What to do: Reproduce exactly the first line of the material below and every line after it, ending with the line that contains "XYZ 位置コントローラは、オイラー XYZ". No pictures should be copied.

Supplied information:

=-=-=-=-=

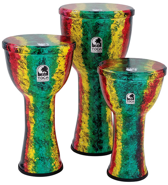 Toca Lightweights Series Hand Drums. This patented hybrid design is a combination of a doumbek and djembe drum. It produces clean open tones and bass tones along with crisp slaps, which make it an excellent drum for soloing.
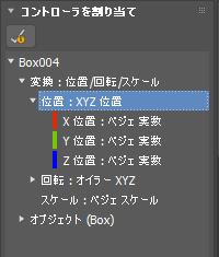 XYZ 位置コントローラは、オイラー XYZ 回転コントローラと同様、X 軸、Y 軸、および Z 軸を 3 つの個別トラックに分割します。したがって、式コントローラからの参照時に、これらの 3 つのトラックを個別に制御できます。
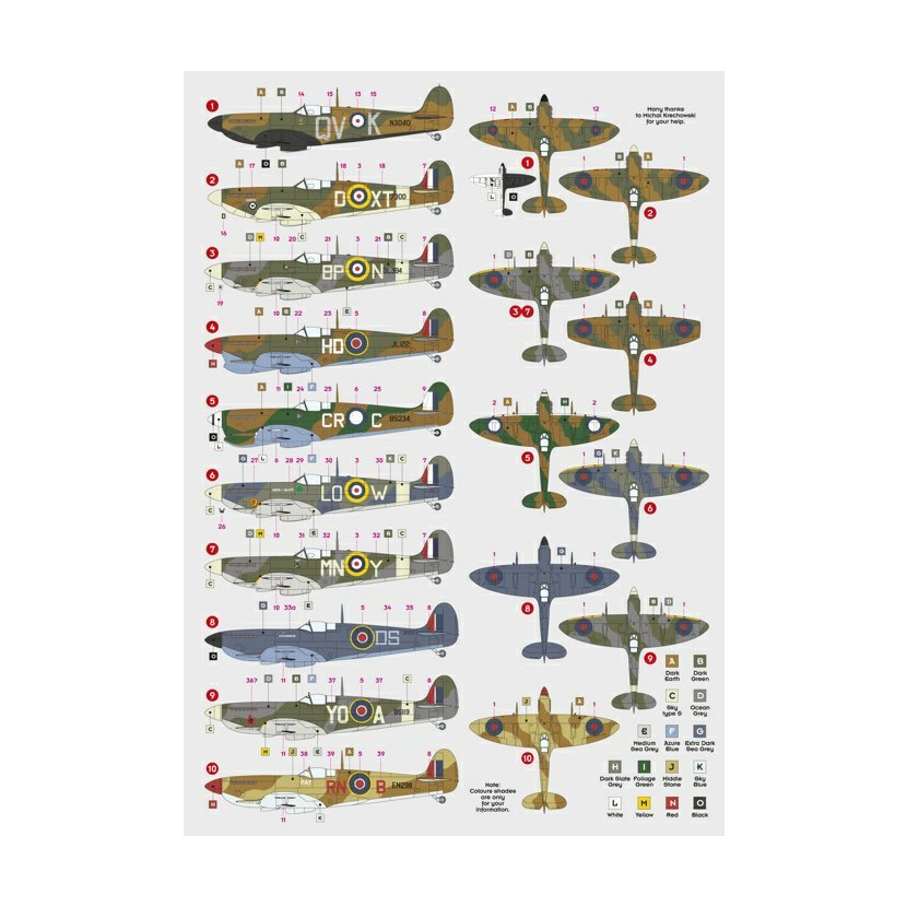 1/ Spitfire Mk.I N3040, F/L B. Lane, No.19 Sqn, 1940 2/ Spitfire Mk.VA R7300, F/O F. Scott-Malden, No.603 Sqn, 1941 3/ Spitfire Mk.VB BL384, F/L J. Gibson, No.457 Sqn RAAF, 1942 4/ Spitfire Mk.VC JL122, W/C H. Dundas, No.324 Wing, Italy 1943 5/ Spitfire Mk.VC BS234, W/C C. Caldwell, No.1 Wing RAAF, Australia 1943 6/ Spitfire Mk.VB BM124, S/L B. Finucane, No.602 Sqn, 1942 7/ Spitfire Mk.VB BL540, F/L Du Monceau-De Bergendal, No.350 Sqn 8/ Spitfire Mk.IXC JK650, W/C W. Duncan-Smith, Luqa Wing, Malta 1943 9/ Spitfire Mk.IXC BS119, P/O D. Morrison, No.401 Sqn, 1942 10/ Spitfire Mk.IXC EN298, F/L D. Cox, No.72 Sqn, Algeria 1943
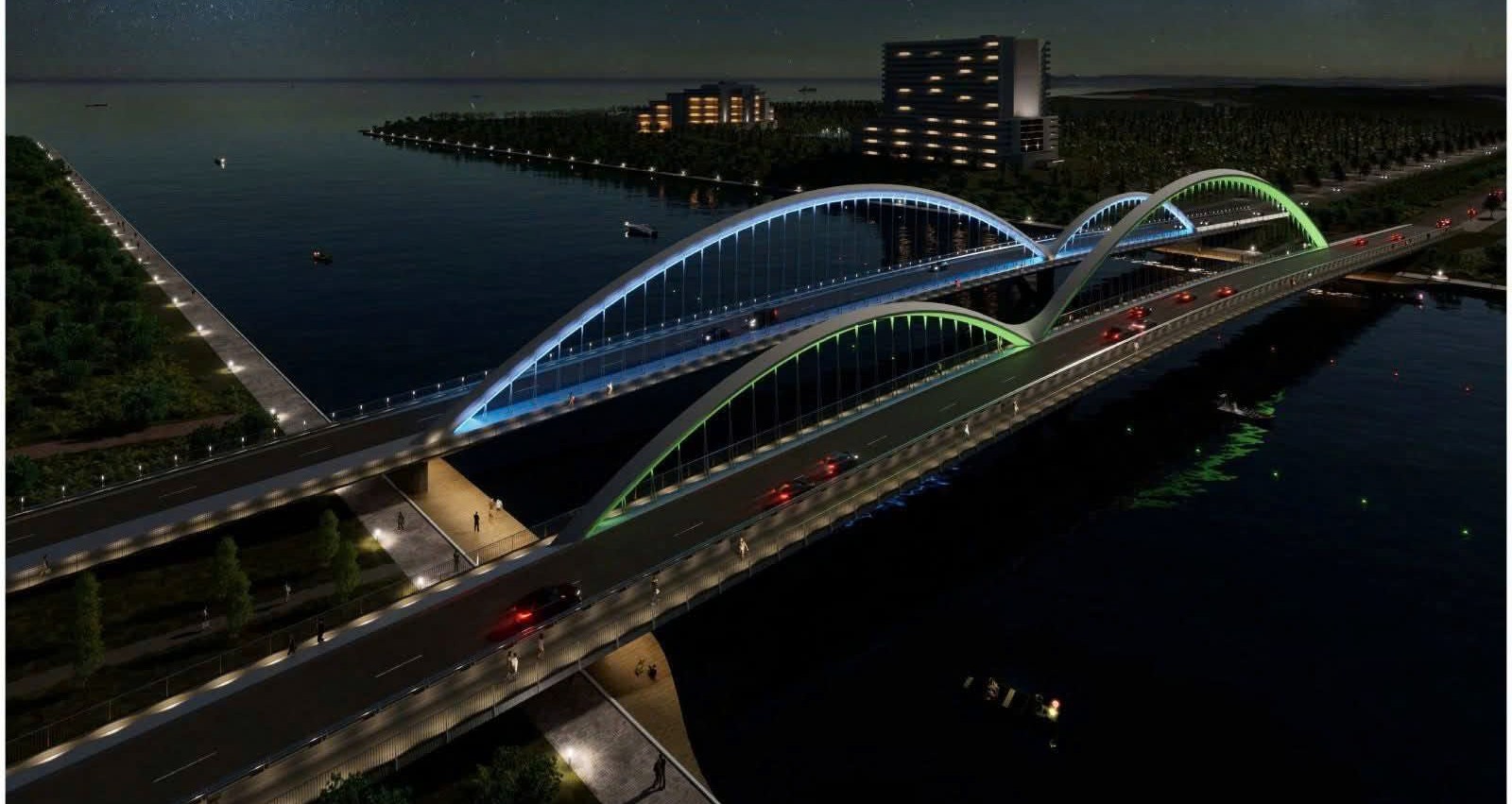 Phối cảnh cầu Nguyễn Tất Thành buổi đêm

=-=-=-=-=

Written response:
 Toca Lightweights Series Hand Drums. This patented hybrid design is a combination of a doumbek and djembe drum. It produces clean open tones and bass tones along with crisp slaps, which make it an excellent drum for soloing.
 XYZ 位置コントローラは、オイラー XYZ 回転コントローラと同様、X 軸、Y 軸、および Z 軸を 3 つの個別トラックに分割します。したがって、式コントローラからの参照時に、これらの 3 つのトラックを個別に制御できます。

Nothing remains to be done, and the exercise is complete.